DIRECTIONS FOR THIS TASK
Your copy should match the entries exactly, with the pictures left out.
▬▬▬▬▬▬▬▬▬▬
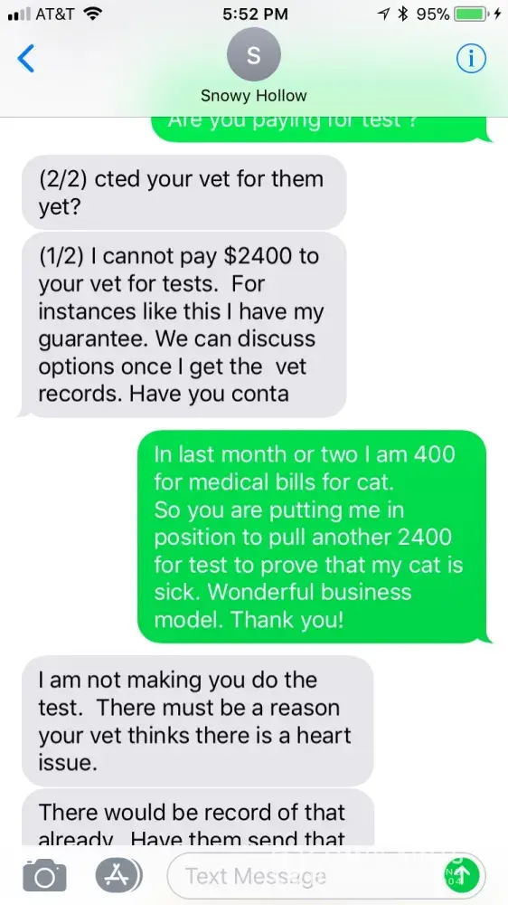 I didn’t ask for anything. Ask Anastasia to include at least one message where I asked for warranty. I asked for her to test her cats and to cover test that cost 2400 that she requested. Again I am not breeding cats.
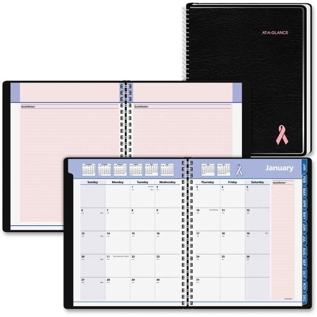 At A Glance AAG76PN0605 8 x 11 in. Quick Notes Breast Cancer Awareness Monthly Planner, Simulated Leather - Black
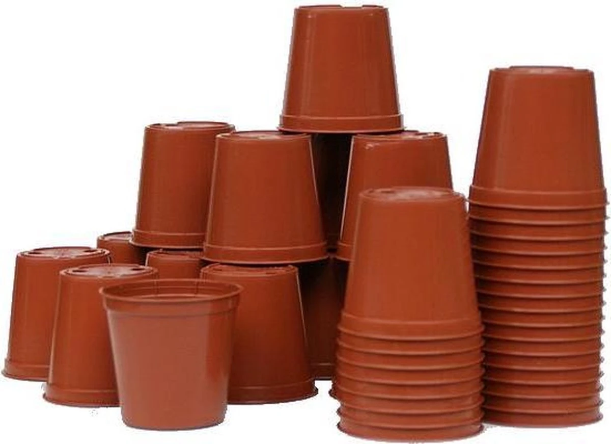 Oranje ronde potten met een eersteklas bodem voor optimale afwatering en ventilatie, ook voor irrigatie met irrigatiematten. Kwalitatieve plastic kweekpotten die verscheidene keren kunnen worden hergebruikt.
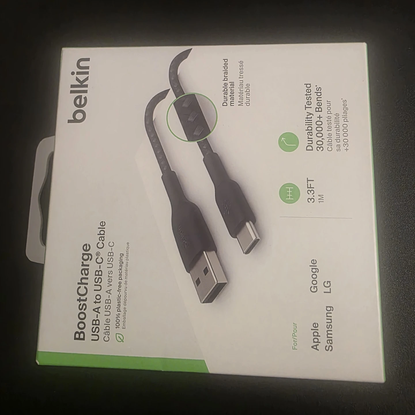 Selling a brand new Belkin BoostCharge USB-A to USB-C Cable! It's 3.3ft (1M) long and features a durable braided material. The cable is durability tested for 30,000+ bends, so it's built to last. Supports standard charging for USB-C devices. The box is included!
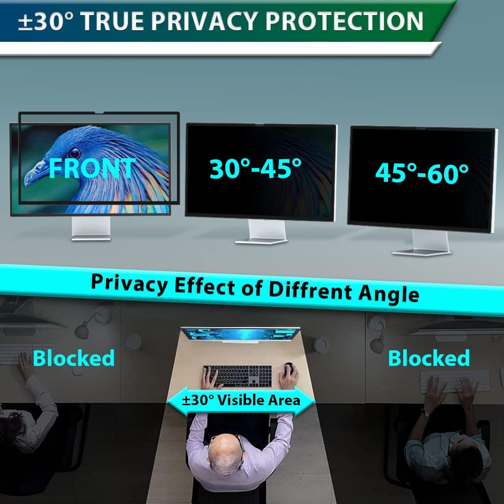 【 Enhanced Privacy – Dark Screen For Others 】- Clear view for you. This Studio 27 privacy screen is perfect for public and high traffic areas for data safe. It makes the screen appear dark when looking at it from an angle (the angle is about 30°- 60°), but bright and clear when looking directly at it. Applying the principles of blinds prevent peeping, simply to change the privacy angle from 30°to 60°degrees – Then you can easily adjust your monitor’s privacy protection level.
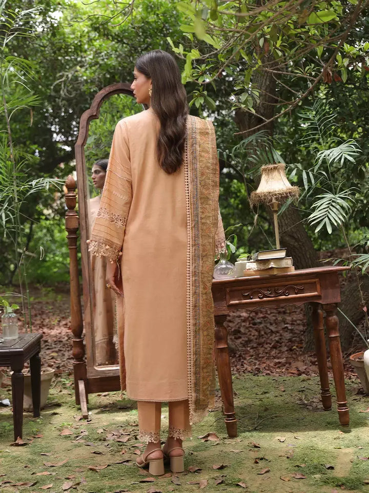 3PC STITCHED LUXURY RICE SLUB EMBROIDERED SUIT
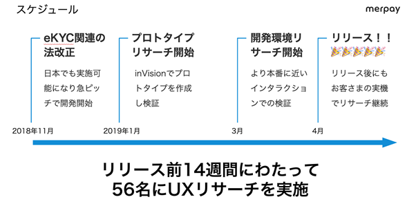 リリースまでのスケジュールとしてまず2018年11月にeKYC関連の法改正があり、日本でも実施可能になりました。そこから急いで検討を進め、2019年1月からプロトタイプを作成し、リサーチを開始しました。2019年3月から開発環境でのユーザビリティテストを毎週積み重ね、無事2019年4月にリリースすることができました。
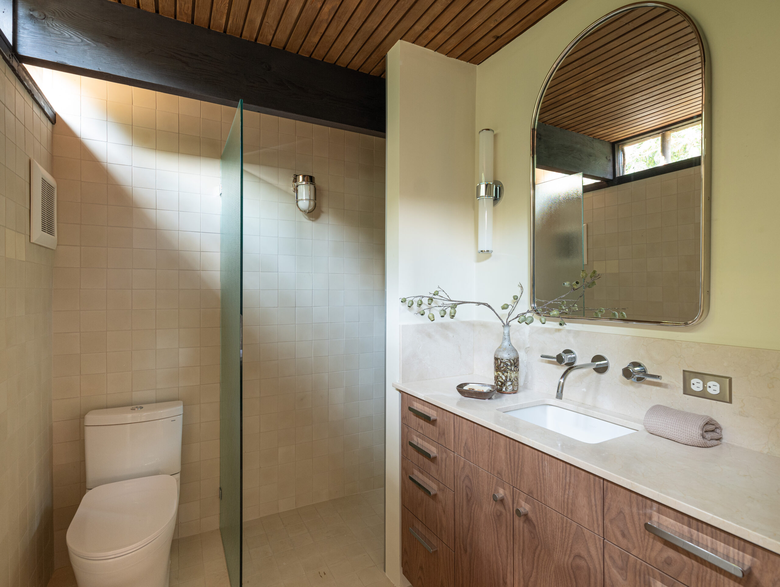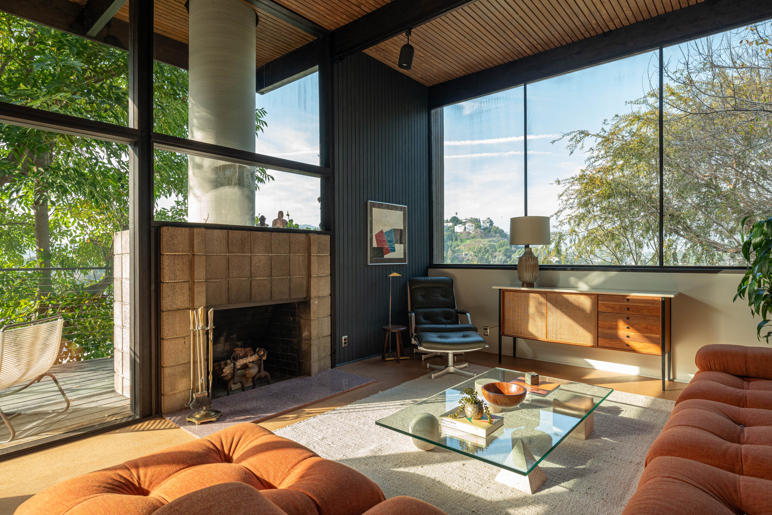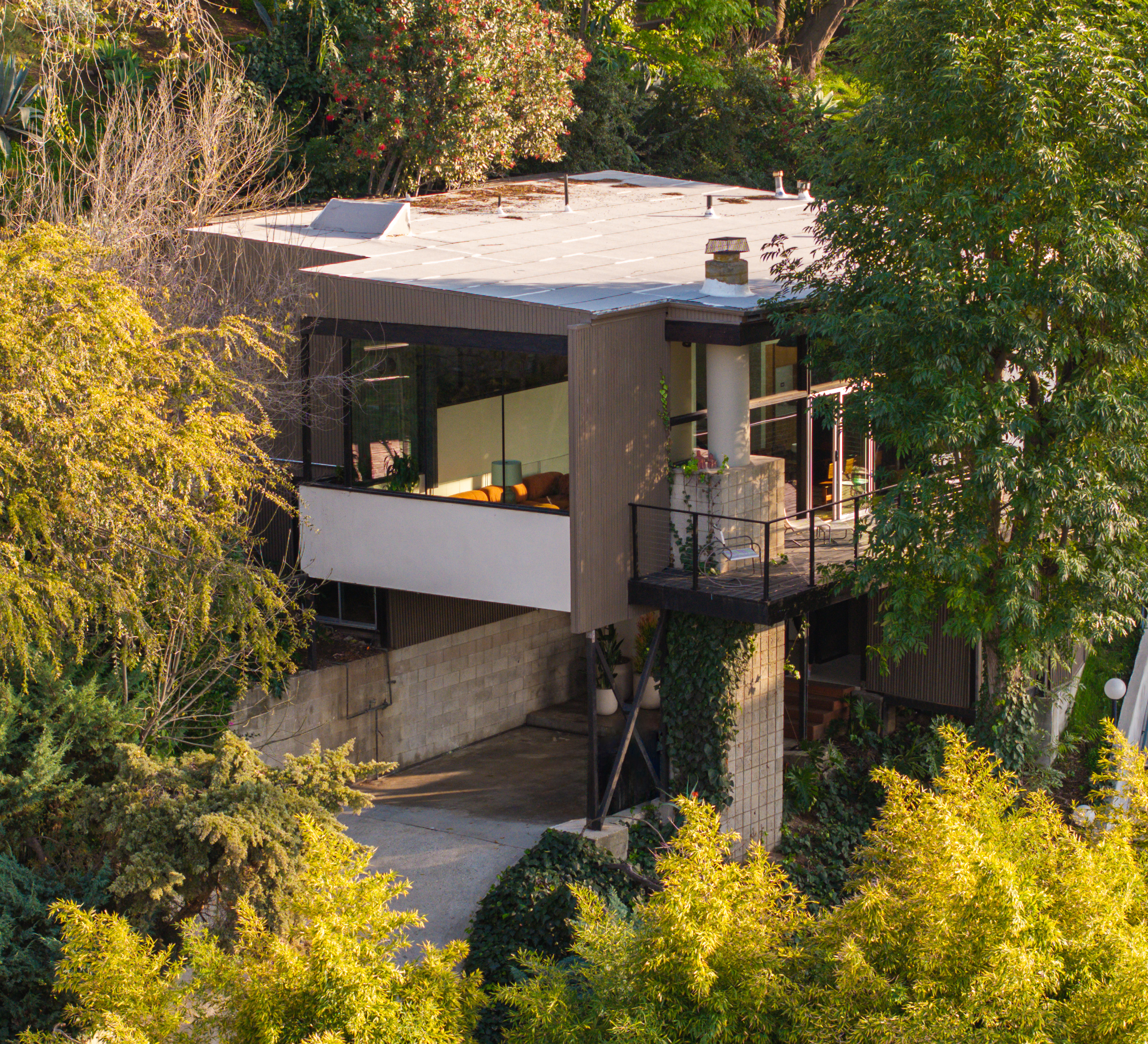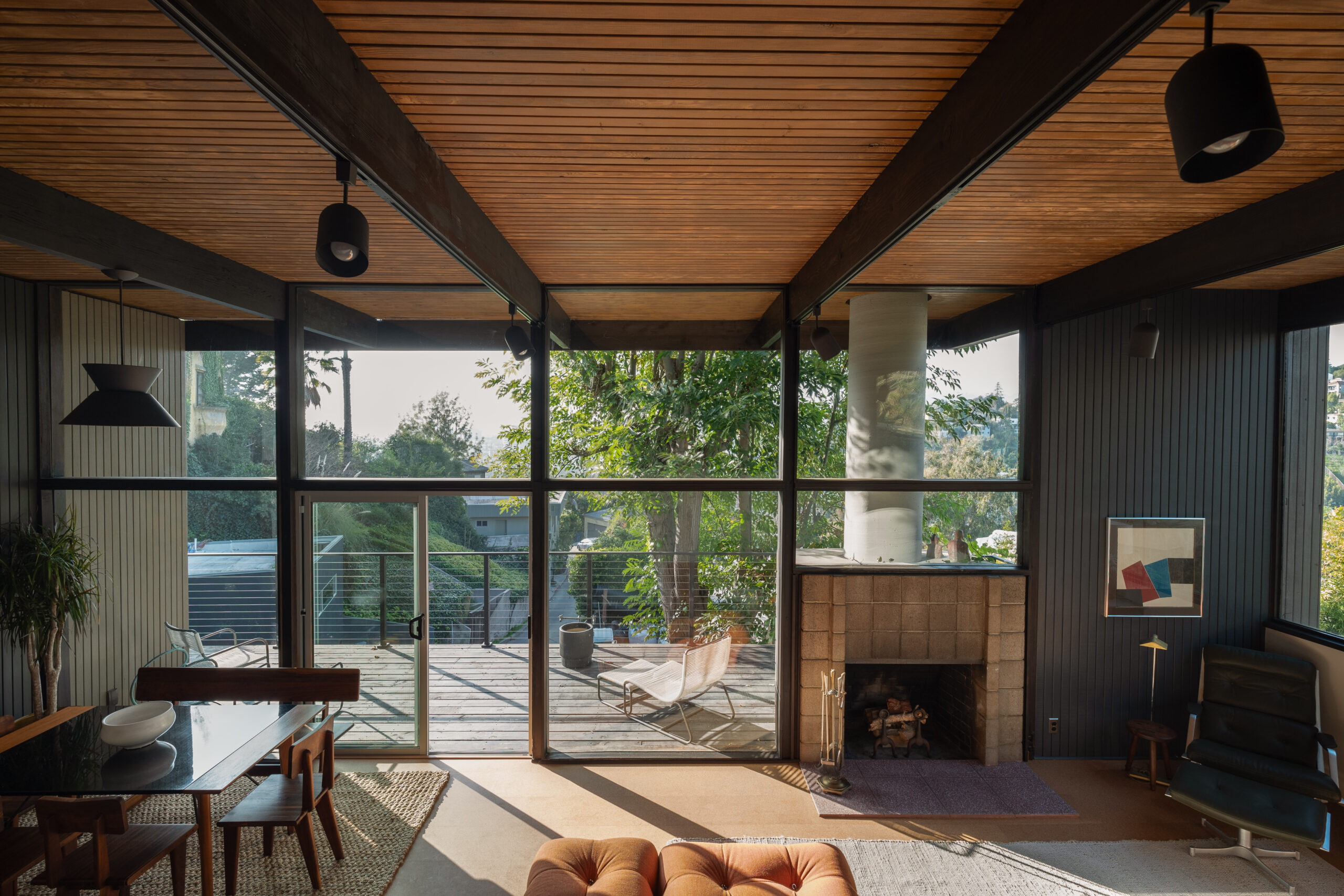 Presenting this masterfully restored Mid-Century gem in the heart of Silverlake. Graced with striking street presence, enter to stunning and fastidiously renovated interiors, teeming with authentic style and charm. From the double height living room, walls of glass frame city and mountain views with light flowing into the interior. Three separate bedrooms, each with meticulous detail, were honed for modern living. The primary is beautifully appointed with subtle built-ins, a stunning tiled bathroom, a skylight that bathes it with light, and city views above the living room. Every detail was hand picked to refine and retain the home's timeless style: from hardware by Rejuvenation, to the elegant kitchen by Reform with Bertazzoni appliances. The outdoor patio and deck have been reconfigured, offering al-fresco dining spaces with views and lush greenery. A bonus lot above is included in the sale, perfect for one with a vision. Brought into the modern era with new insulation, electrical panel, HVAC, windows, and a torch-down roof, your dream Mid-Century life is a key-turn away.
▬▬▬▬▬▬▬▬▬▬
ANSWER AREA
 I didn’t ask for anything. Ask Anastasia to include at least one message where I asked for warranty. I asked for her to test her cats and to cover test that cost 2400 that she requested. Again I am not breeding cats.
 At A Glance AAG76PN0605 8 x 11 in. Quick Notes Breast Cancer Awareness Monthly Planner, Simulated Leather - Black
 Oranje ronde potten met een eersteklas bodem voor optimale afwatering en ventilatie, ook voor irrigatie met irrigatiematten. Kwalitatieve plastic kweekpotten die verscheidene keren kunnen worden hergebruikt.
 Selling a brand new Belkin BoostCharge USB-A to USB-C Cable! It's 3.3ft (1M) long and features a durable braided material. The cable is durability tested for 30,000+ bends, so it's built to last. Supports standard charging for USB-C devices. The box is included!
 【 Enhanced Privacy – Dark Screen For Others 】- Clear view for you. This Studio 27 privacy screen is perfect for public and high traffic areas for data safe. It makes the screen appear dark when looking at it from an angle (the angle is about 30°- 60°), but bright and clear when looking directly at it. Applying the principles of blinds prevent peeping, simply to change the privacy angle from 30°to 60°degrees – Then you can easily adjust your monitor’s privacy protection level.
 3PC STITCHED LUXURY RICE SLUB EMBROIDERED SUIT
 リリースまでのスケジュールとしてまず2018年11月にeKYC関連の法改正があり、日本でも実施可能になりました。そこから急いで検討を進め、2019年1月からプロトタイプを作成し、リサーチを開始しました。2019年3月から開発環境でのユーザビリティテストを毎週積み重ね、無事2019年4月にリリースすることができました。
 Presenting this masterfully restored Mid-Century gem in the heart of Silverlake. Graced with striking street presence, enter to stunning and fastidiously renovated interiors, teeming with authentic style and charm. From the double height living room, walls of glass frame city and mountain views with light flowing into the interior. Three separate bedrooms, each with meticulous detail, were honed for modern living. The primary is beautifully appointed with subtle built-ins, a stunning tiled bathroom, a skylight that bathes it with light, and city views above the living room. Every detail was hand picked to refine and retain the home's timeless style: from hardware by Rejuvenation, to the elegant kitchen by Reform with Bertazzoni appliances. The outdoor patio and deck have been reconfigured, offering al-fresco dining spaces with views and lush greenery. A bonus lot above is included in the sale, perfect for one with a vision. Brought into the modern era with new insulation, electrical panel, HVAC, windows, and a torch-down roof, your dream Mid-Century life is a key-turn away.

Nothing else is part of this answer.